SpiderFLOAT Gaining Traction

In the last year or so, I have developed SpiderFLOAT (patent pending), an innovative, ultra-compliant, slender floating substructure for offshore wind turbines (see e.g., here).

The goal of this disruptive innovation in Floating Offshore Wind technology is to enable a greater market share of offshore wind energy, ultimately strengthening and diversifying the array of domestic energy sources available to Americans. The U.S. DOE has supported this concept with a Technology Commercialization Fund to bring the SpiderFLOAT to a wave basin testing facility, which will help verify initial assumptions of the hydrodynamic parameters and simulation results. This effort is also generously aided by Equinor, the world’s leading floating offshore wind developer to date.

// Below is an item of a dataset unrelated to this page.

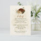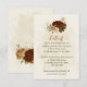 Beautiful earth tone fall wedding reception details enclosure card featuring terracotta, beige and cream flowers with green leaves .

 ARPA-E’s ATLANTIS program has now selected SpiderFLOAT for further R&D to help bring this concept closer to market. SpiderFLOAT promises to reduce floating offshore wind LCOE below 60$/MWh.

My colleagues Senu Sirnivas and Fabian Wendt contributed to the numerical analyses and support of the SpiderFLOAT concept.

We greatly appreciate the U.S. DOE’s Office of Technology Transition and ARPA-E for believing in this new design and helping us promote the technology.

Go SpiderFLOAT, developed in America for America!